What is needed: Print every entry word for word, but omit the pictures.

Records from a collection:

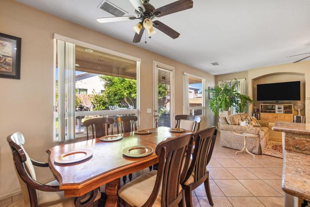 PRICE IMPROVEMENT!! Beautiful Home in LAS COLINAS gated community with Low HOA! This Fantastic Property offers: private courtyard entry, 3 bedrooms, 2 bathrooms. Great potential to add an extra bedroom & bath. 2 car garage, formal dining room, family room with fireplace, spacious kitchen with granite counter tops, pantry and breakfast bar. Tile flooring throughout the house. Large master bedroom with walk-in closet and direct access to the backyard. Master bathroom with dual sinks, walk-in tub and upgraded shower. Guest bathroom with dual sinks & upgraded shower. Big & relaxing backyard with covered patio and fruit trees. Excellent location just minutes away from I-10 FWY and HWY 111. and close distance to The Polo Fields, Tennis Garden, and Casinos. Do not mis out this great opportunity!! Call today to schedule a tour of this amazing home!!
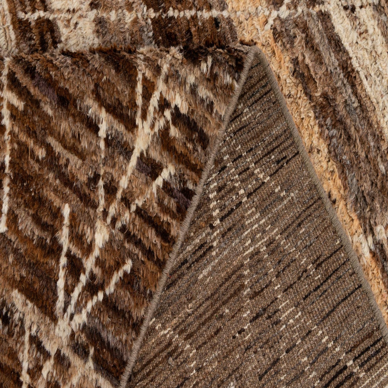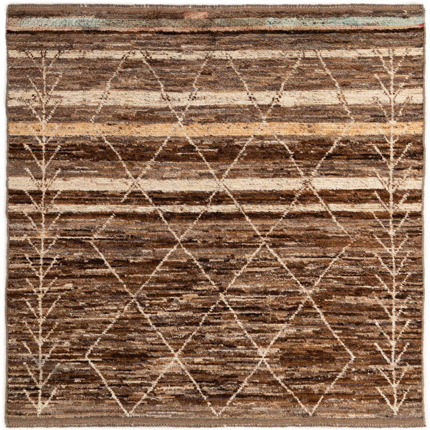 A 5x8 rectangular Moroccan wool rug featuring a tribal diamond pattern in various shades of brown and tan.
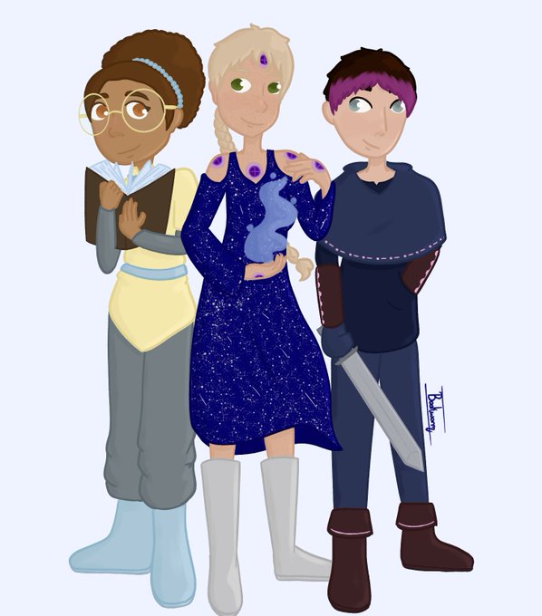 It's a little rushed, but I've been wanting to do this for awhile! My characters as DnD characters! Astrid would be an Order of Scribes Wizard, Celeste would be a Runechild Sorcerer, and Corbin would be a Beast Master Ranger! #digitalart #dndart
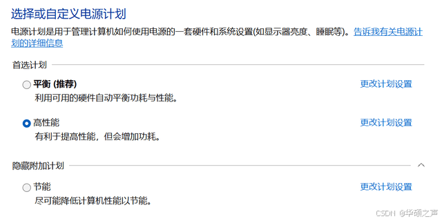 选择【高性能】(没有的话点击 "创建电源计划" 手动新建);
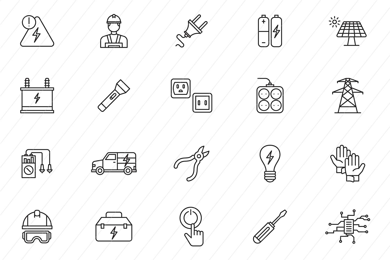 Electricity Vector Icons is a set of 20 vector modern monochrome icons that depict various objects and aspects related to electricity. You can use this set to implement any of your design projects on the relevant topics. Use this set to create posters, branding, invitations, cards, clothing prints, and more.
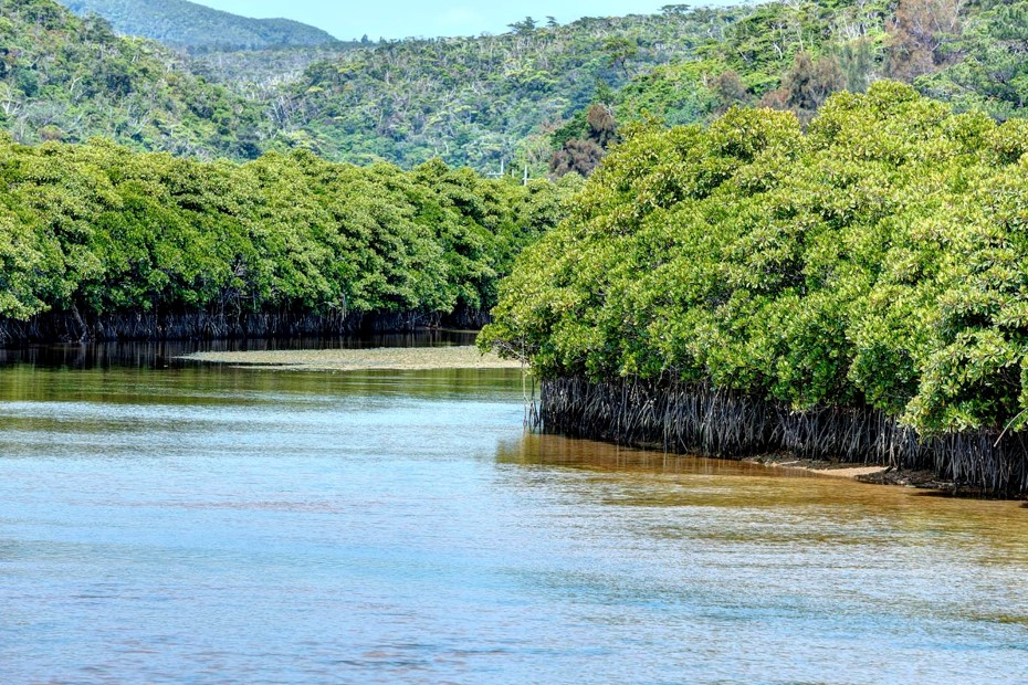 やんばる国立公園にはマングローブ林も含まれる。この写真は慶佐次湾の東村ふれあいヒルギ公園。

Exercise solution:
 PRICE IMPROVEMENT!! Beautiful Home in LAS COLINAS gated community with Low HOA! This Fantastic Property offers: private courtyard entry, 3 bedrooms, 2 bathrooms. Great potential to add an extra bedroom & bath. 2 car garage, formal dining room, family room with fireplace, spacious kitchen with granite counter tops, pantry and breakfast bar. Tile flooring throughout the house. Large master bedroom with walk-in closet and direct access to the backyard. Master bathroom with dual sinks, walk-in tub and upgraded shower. Guest bathroom with dual sinks & upgraded shower. Big & relaxing backyard with covered patio and fruit trees. Excellent location just minutes away from I-10 FWY and HWY 111. and close distance to The Polo Fields, Tennis Garden, and Casinos. Do not mis out this great opportunity!! Call today to schedule a tour of this amazing home!!
 A 5x8 rectangular Moroccan wool rug featuring a tribal diamond pattern in various shades of brown and tan.
 It's a little rushed, but I've been wanting to do this for awhile! My characters as DnD characters! Astrid would be an Order of Scribes Wizard, Celeste would be a Runechild Sorcerer, and Corbin would be a Beast Master Ranger! #digitalart #dndart
 选择【高性能】(没有的话点击 "创建电源计划" 手动新建);
 Electricity Vector Icons is a set of 20 vector modern monochrome icons that depict various objects and aspects related to electricity. You can use this set to implement any of your design projects on the relevant topics. Use this set to create posters, branding, invitations, cards, clothing prints, and more.
 やんばる国立公園にはマングローブ林も含まれる。この写真は慶佐次湾の東村ふれあいヒルギ公園。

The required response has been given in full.